# number of fixture units



## James Davis (May 30, 2019)

so the plumbing code tells us how manny toilets we need for a Womens and Mans restrooms but where does it tell us how manny toilets you need per occupant for gender nutral?


----------



## James Davis (May 30, 2019)

James Davis said:


> so the plumbing code tells us how manny toilets we need for a Womens and Mans restrooms but where does it tell us how manny toilets you need per occupant for gender nutral?


nice spelling


----------



## RLGA (May 30, 2019)

There is no "gender-neutral" restroom provision in the plumbing (IPC) or building (IBC) codes. The closest thing that these codes have to a "gender-neutral" restroom is the family or assisted-use toilet room.

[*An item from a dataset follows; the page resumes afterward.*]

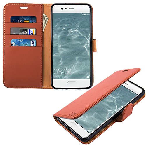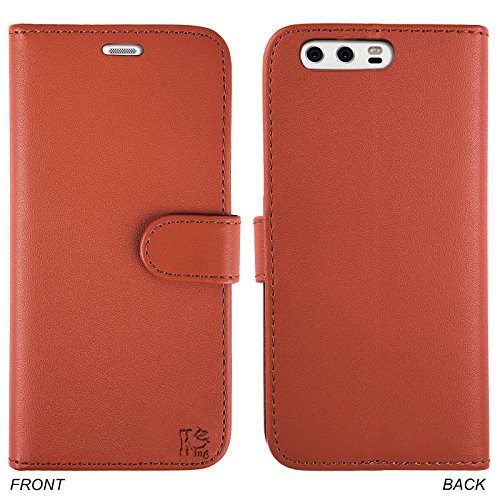 COVER Huawei P10, Kings Hark [Funzione di supporto] Huawei P10 Custodia Protettiva in Pelle PU Flip Case con slot per schede integrato, slot e supporto per Huawei P10 Pelle della serie PU braun

These are only required for Group A and M occupancies and when the aggregate number of water closets for those occupancy groups is 6 or more.


----------



## Yikes (May 31, 2019)

You did not say where the project is located.
In California, the IBC has been modified such that any single-occupancy restroom (intended for one user at a time) is designated "gender neutral".  
But that doesn't affect the number of fixtures; it only affects the labeling on the door of the restroom.


----------



## James Davis (May 31, 2019)

James Davis said:


> nice spelling


this is in California it is in a county park, it is a two story building with an A3 and a single restroom upstair accessible via an elevator occupant load for the building is 229 they have 5 rest rooms all single usage. one of our inspectors ask (what I thought was a good question for this forum)what would be the required number of toilets based on geneder nutral occupancy.


----------



## Yikes (May 31, 2019)

There seem to be several issues inherent in your question:
1.  How many fixtures are required to serve 229 occupants?
a) if it was previously legally permitted with the existing # of fixtures you described, and you are not changing the use or occupancy, then the inspector's question about # of fixtures is irrelevant.  It "is what it is".  Skip to #3 below.
b) if it is a new building, or a change in occupancy or # of users, then you first look to the CPC to determine # of fixtures for male and # of fixtures for female.​2.  If the answer is 1(b) and you have decided to meet the requirements via 100% single occupancy restrooms, then total up the number of required fixtures (male + female), and that's how many single-occupancy (gender neutral) restrooms you will need.

3.  See also https://www.documents.dgs.ca.gov/dsa/bulletins/BU_17-01-01.pdf

4.  FYI, if new construction, see also CBC 11B-213.2 exception #4, which says 50% of the cluster of single user restrooms must be accessible.


----------